Kann ich ebenfalls nicht bestätigen. Bei im Schnitt 100+ Sendungen im Jahr gibt es von seiten DHL nie Probleme. Gut, Hermes ist Katastrophal aber nach 1-2 Beschwerden bei Amazon bekomme ich nur noch Lieferungen mit DHL (die letzten 3 Jahre).


----------



## Hatuja (9. Juni 2018)

*AW: Amazon: Onlinehändler vernichtet große Mengen Neuware*

Mich wundert es echt, dass plötzlich so viele deswegen aufschreien...
Das war ja nie wirklich ein Geheimnis!
Und es macht ja auch nicht nur Amazon so, sondern alle größere Händler, wie wie bereits geschrieben wurde vor allem Elektronik-Händeler wie Media-Markt, Saturn, Expert,... genau so! 

Vor allem bei Elektronik ist das doch an der Tagesordnung.
Die Preiskalkulation funktionier ja nur gut, wenn die Waren zum "Vollpreis" verkauft werden kann. 
Wer kauft denn ein 3 oder 4 Jahre altes Smartphone oder TV zum Vollpreis?
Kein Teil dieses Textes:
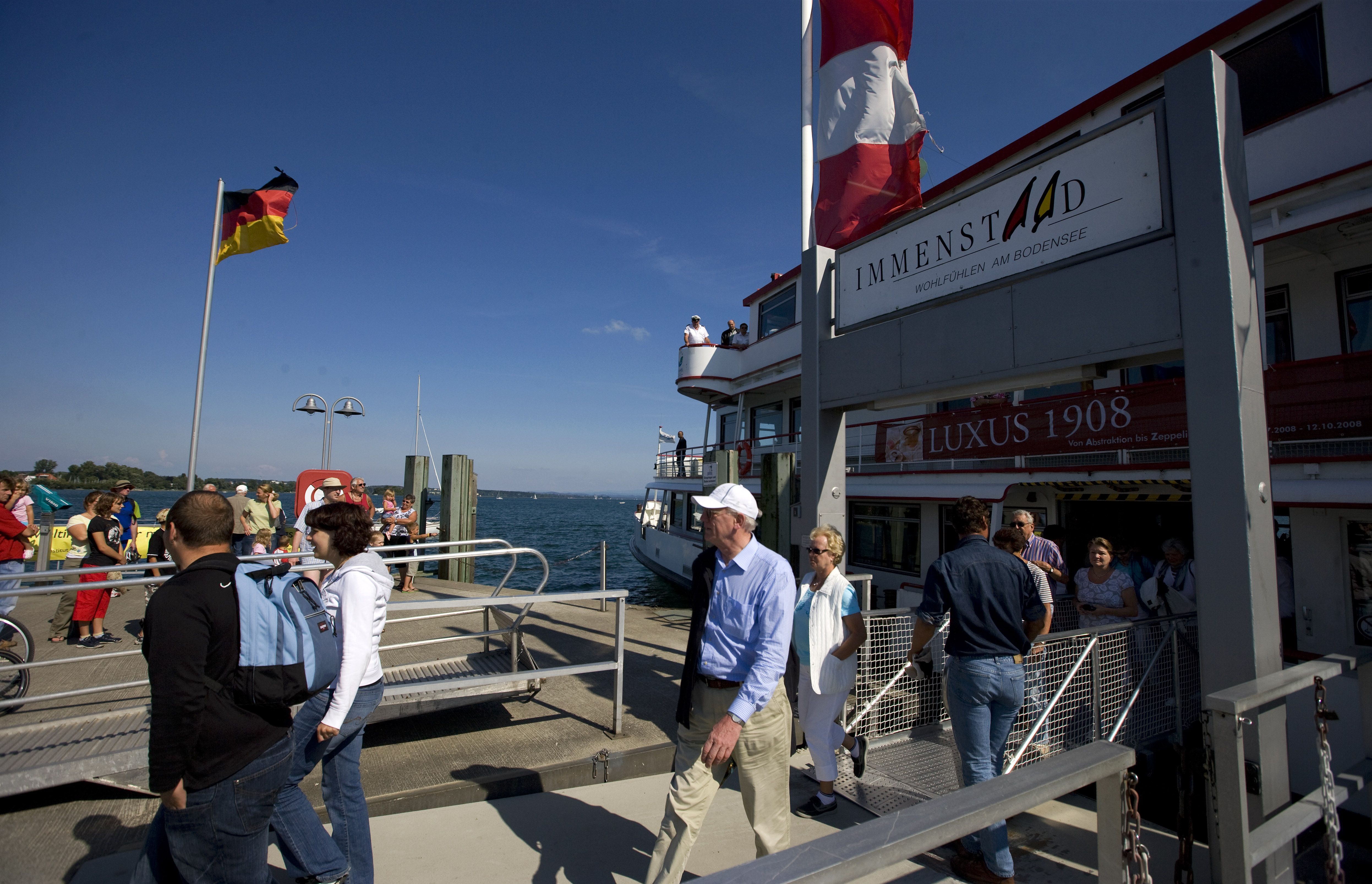 Passagiere beim Verlassen der deutschen Flotte (Bodensee-Schifffahrts-Betriebe).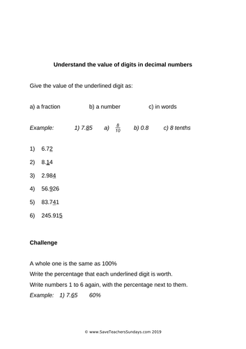 Value Of Digits In Decimal Numbers. Scroll down the page for more examples and solutions. A decimal number (based on the number 10) contains a decimal point.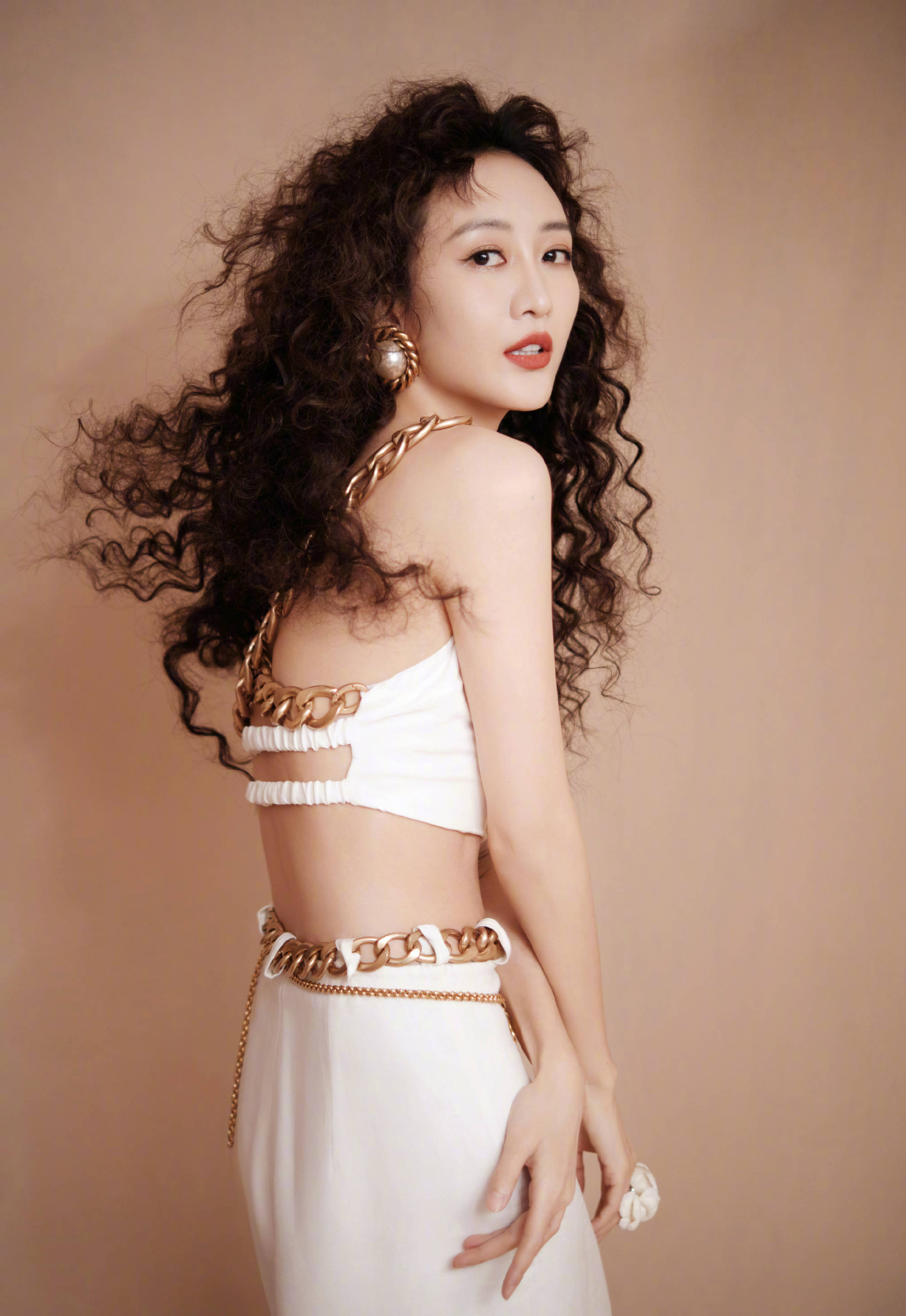 王鸥穿露背性感白衣白裙羊毛卷配红唇美艳动人
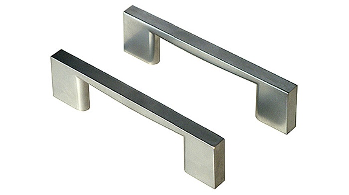 Modernia muotoilua, satiini, pituus 96 mm, pakkauksessa kaksi kappaletta kiinnitysruuveineen.
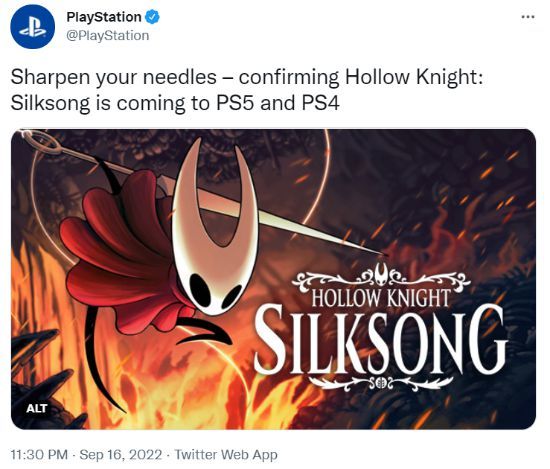 2022年9月PlayStation官方重申《丝之歌》将登陆PS系主机,确认同时登陆PS4/PS5平台。同时释出新游戏截图,这张图也就是我们这些自媒体用了无数遍的封面。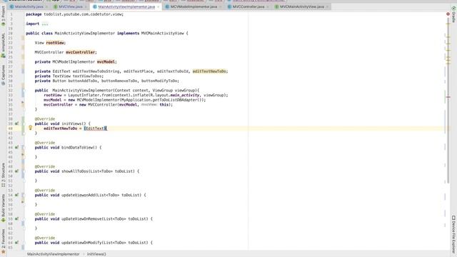 In this video we have a look at how to get started with implementation of View in MVC design pattern for Android. It gets started by creating a very generic interface called MVCView which gets extended by another interface called MainActivityMVCView. This interface has got more specific methods needed by the functionality and feature. Finally it comes down to implementing this interface. Follow me on Twitter: https://twitter.com/anilvdeshpande Github link to source code: https://github.com/AnilDeshpande/DBDemoToDoList/tree/mvc-implementation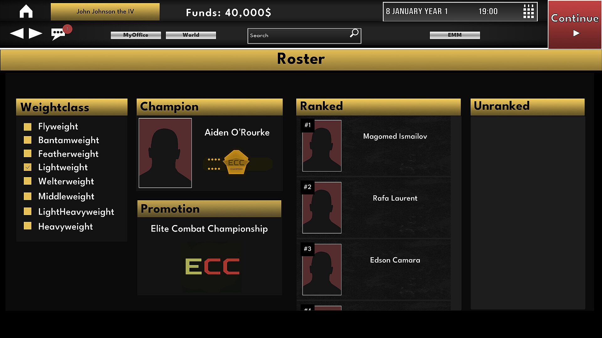 Manage fighters across multiple promotions and weight classes.

Noch schlimmer die IT-Branche, Nach 2 Jahren ist die meiste Hardware quasi komplett unverkäuflich.
Bieten sie "alte" Geräte für vielleicht noch für 30% der Neupreises an, wären die Kosten für Garantie und Serviceleistungen teuerer, als die Geräte zu verschrotten.
Das gleiche Spiel bei Retour-Ware.

Hand aufs Herz: Wer hat nicht schon einmal Hardware gleich wieder zurückgesendet, weil sie offensichtlich bereits gebraucht war?
Es kommen doch automatisch die Gedanken, warum jemand nicht mit genau diesem Teil, das jetzt vor MIR liegt, unzufrieden war... und warum ich dann für ein gebrauchtes Teil den Neupreis gezahlt habe!?

Um noch einmal auf das Kühlschrank-Thema zu kommen:

Das gleiche Prinzip wie oben gilt heir doch auch. Die Händler können auch solche Geräte nicht unendlich Günstig anbieten.
Die EU-Richtlinien mit ihren Energielabeln, macht das Ganze nicht grad bessser!

Ein aus der Luft gegriffenes Beispiel:
Das aktuelle Modell kostet 300€ mit Effizienzklasse A+++.
Das 3 Jahre alte, noch original verpackte Gerät, dessen effektiver Energieverbrauch allerdings kaum höher ist (lediglich ein Feature fehlt, dass man sowieso nie nutzen würde), hat infolge dessen lediglich die Effizienzklasse B.
Wie günstig soll der Händler das alte Gerät denn anbieten, damit die ältere Mutti sich den alten kühlschrank kauft?
Bei 250€ würde sie nicht auch nur einen Gedanken an das vor-vor-vorgänger-Modell verschwenden.
Bei 200€ würde sie vielleicht darüber nachdenken... aber das alte Gerät ist ja noch Klasse B und nicht A+++. Nicht A++, nicht A+, nichteinmal A, es ist B!!!
Erst bei 150€ würde sie es vielleicht erst ernsthaft in Erwägung ziehen.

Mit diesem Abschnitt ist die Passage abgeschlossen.